Send back the data below exactly. Drop every picture.

[Information provided]:
===============

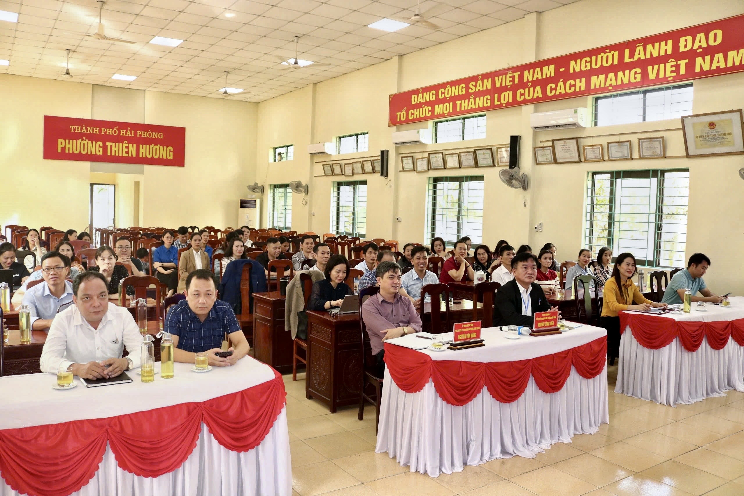 (Haiphong.gov.vn) - Nhằm nâng cao hiệu quả phục vụ người dân, doanh nghiệp, đồng thời thống nhất nghiệp vụ trong công tác tiếp nhận và xử lý hồ sơ thủ tục hành chính, ngày 8/11, UBND phường Thiên Hương tổ chức Hội nghị tập huấn nghiệp vụ công tác tiếp nhận, giải quyết thủ tục hành chính và tiếp nhận hồ sơ thủ tục hành chính phi địa giới.
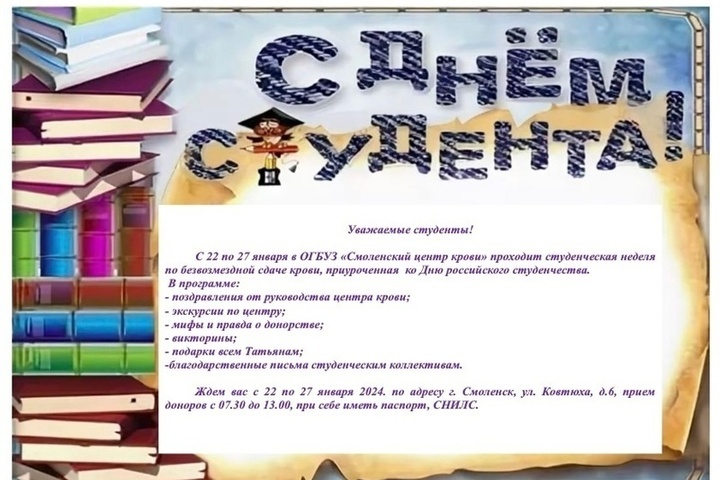 «Смоленский центр крови» с 22 по 27 января проведет студенческую неделю по безвозмездной сдаче крови. Посвящена она, безусловно, Дню российского студенчества.
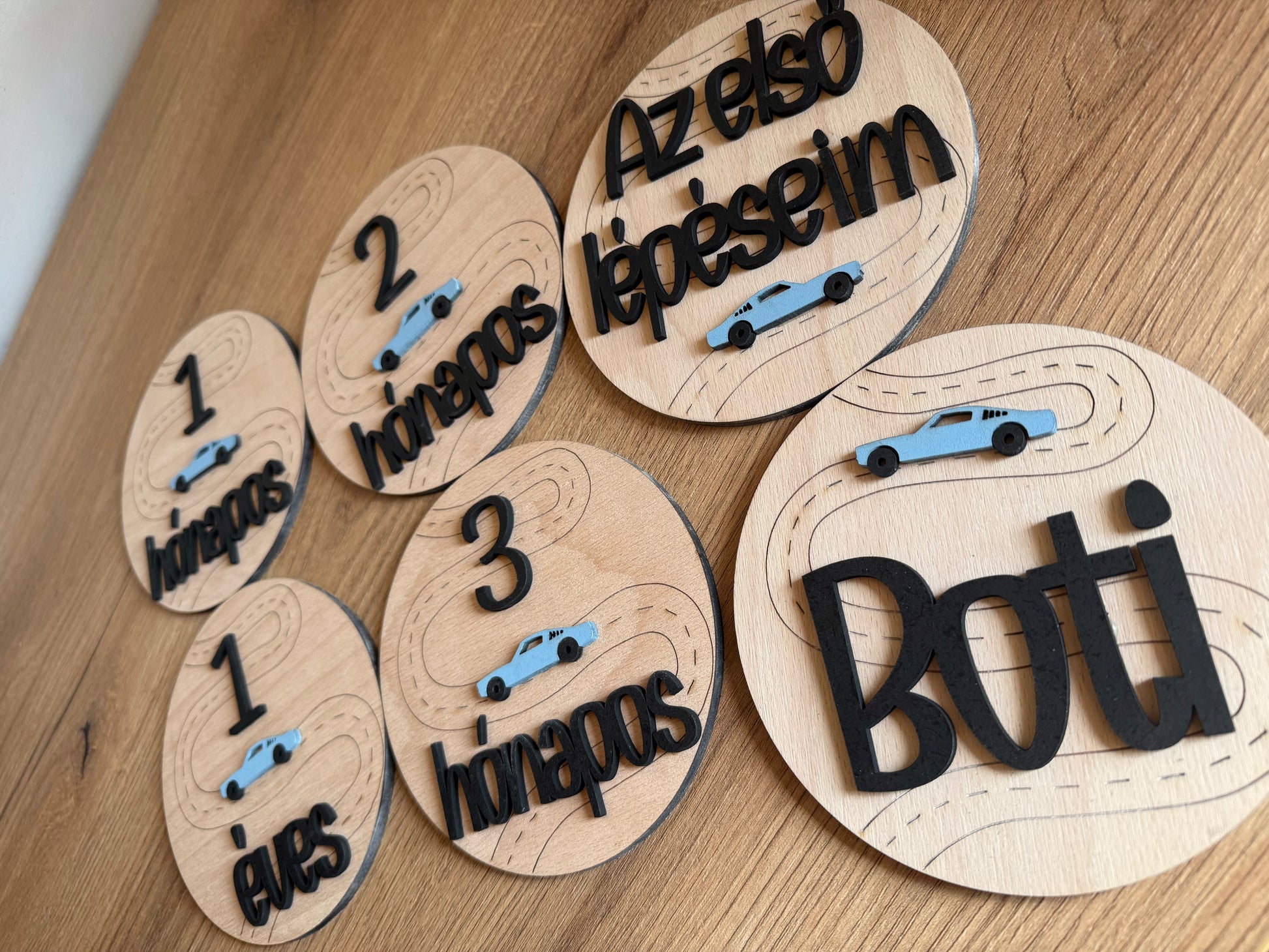 Az alapcsomag tartalmazza a 11 hónap + 1 év, illetve egy a baba nevével ellátot korongot is. Megjegyzés rovatban kérlek tüntesd fel a kisbaba nevét.
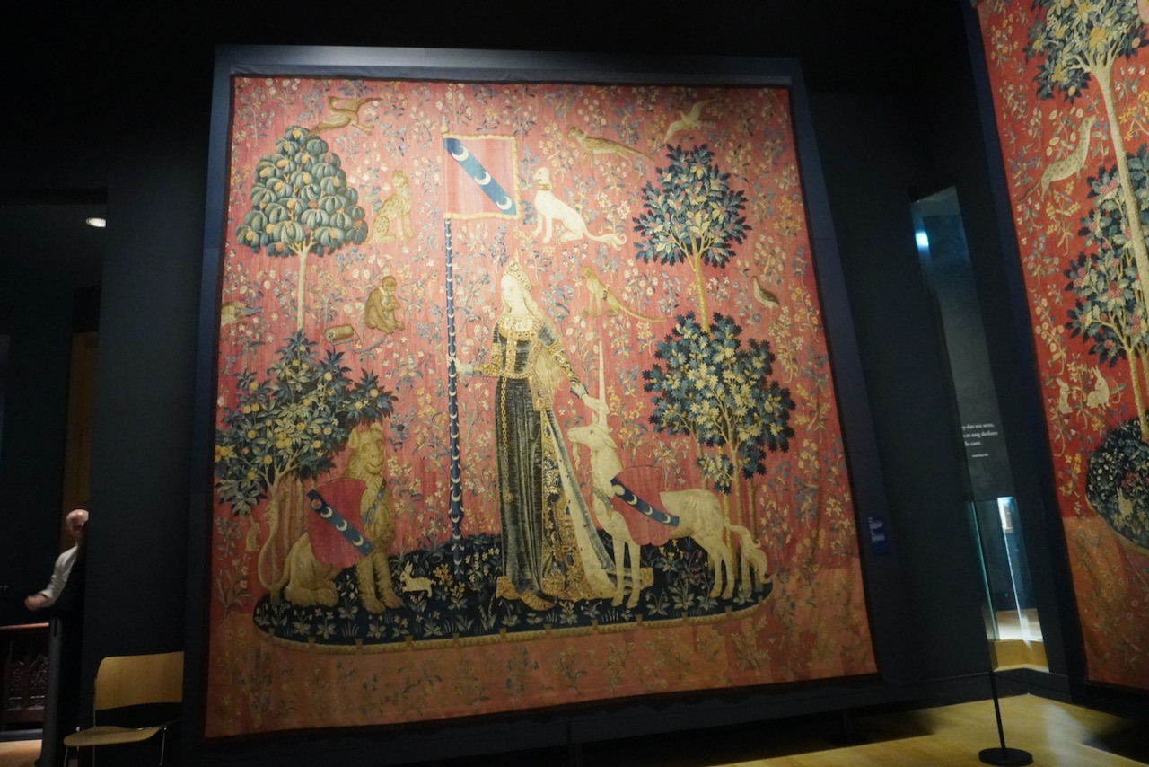 Eventually I found my way to the hall that features the centerpiece of the Museum’s collections. In the 15th century, the opulence of urban elites encouraged artistic production as the demand for art increased. This phenomenon is particularly evident in the considerable rise in demand for tapestries. The most famous tapestries at the Cluny today are that of the Lady and the Unicorn (La Dame à la licorne) series. There are six tapestries that make up this collection, each one representing a different sense. There are the five main senses (smell, hearing, taste, touch, and sight) and it is the sixth tapestry that depicts the Lady with the Unicorn. The mysterious meaning of this sixth has produced multiple interpretations over the years and the most embraced interpretation understands the Lady as representing a sixth sense of morality or spirituality, as she puts aside her worldly wealth.

===============

[Exercise solution]:
 (Haiphong.gov.vn) - Nhằm nâng cao hiệu quả phục vụ người dân, doanh nghiệp, đồng thời thống nhất nghiệp vụ trong công tác tiếp nhận và xử lý hồ sơ thủ tục hành chính, ngày 8/11, UBND phường Thiên Hương tổ chức Hội nghị tập huấn nghiệp vụ công tác tiếp nhận, giải quyết thủ tục hành chính và tiếp nhận hồ sơ thủ tục hành chính phi địa giới.
 «Смоленский центр крови» с 22 по 27 января проведет студенческую неделю по безвозмездной сдаче крови. Посвящена она, безусловно, Дню российского студенчества.
 Az alapcsomag tartalmazza a 11 hónap + 1 év, illetve egy a baba nevével ellátot korongot is. Megjegyzés rovatban kérlek tüntesd fel a kisbaba nevét.
 Eventually I found my way to the hall that features the centerpiece of the Museum’s collections. In the 15th century, the opulence of urban elites encouraged artistic production as the demand for art increased. This phenomenon is particularly evident in the considerable rise in demand for tapestries. The most famous tapestries at the Cluny today are that of the Lady and the Unicorn (La Dame à la licorne) series. There are six tapestries that make up this collection, each one representing a different sense. There are the five main senses (smell, hearing, taste, touch, and sight) and it is the sixth tapestry that depicts the Lady with the Unicorn. The mysterious meaning of this sixth has produced multiple interpretations over the years and the most embraced interpretation understands the Lady as representing a sixth sense of morality or spirituality, as she puts aside her worldly wealth.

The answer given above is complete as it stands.